Arawn, Bevyn and the other Reapers had come down from the rooftops and were now ringed in a semicircle at the end of the street—seemingly to keep the gathering townspeople from harm. Mick saw Brett Samuels and his brother-in-law Vern Walker sitting on the edge of the saloon roof. As he glanced around, he saw no womenfolk among the men grouped behind the Reapers and for that he was glad. This was not something a woman should see.

“That’s one helluva brave man,” the sheriff told Arawn. “Cynyr, I mean.”

“When’s he going to use his whip?” someone in the crowd asked.

“He’ll let the savage draw first blood and then he will attack,” the Prime Reaper said.

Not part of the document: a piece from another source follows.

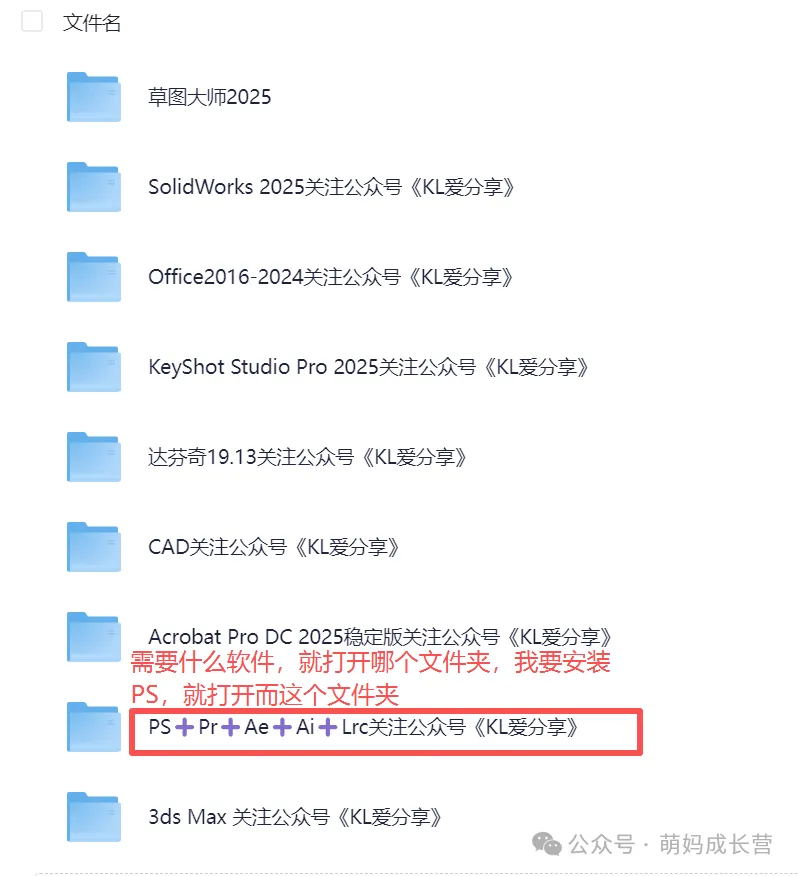 想要获取 PS、Pr、Ae、Ai、Office 等全套设计 / 办公软件资源?关注公众号 「萌妈成长营」,就能拿到网盘链接,后续有软件更新也会第一时间同步~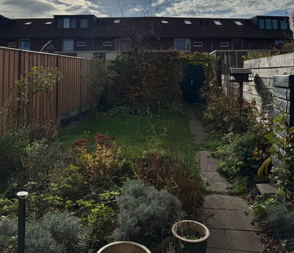 Wanneer de zomertemperaturen oplopen, voelt Van Schootens tuin vooral benauwd en warm aan. De stenen voor in de tuin houden de warmte langer vast dan ze prettig vindt. De planten achterin, samen met de schaduw van de boom en het tuinhuisje, maken de achterkant van de tuin koeler. “Sinds ik in Rivierenwijk woon, merk ik dat ik in de zomer binnen ga zitten als het warm is”, vertelt ze. “Het is hier dan veel te heet buiten.”

Otaktay pushed up from the ground and stood glaring at his enemy. He saw his death in the man’s steady golden eyes but it was—as his grandfather had once said—a good day to die. He charged again and was surprised when the Reaper did not move as quickly as before and the blade of Otaktay’s knife slid along the white man’s arm, opening a deep gash.

Whooping with elation, Otaktay spun around and thrust the knife out again only to have the blade snatched from his hand by a stinging lash that took half his thumb and index finger with it as it snapped back over the Reaper’s shoulder. Pain shot through the Jakotai’s hand and he looked down at the stumps where once his fingers had crooked. Blood was gushing from his hand and he backed away, holding the injured hand close to his bare chest.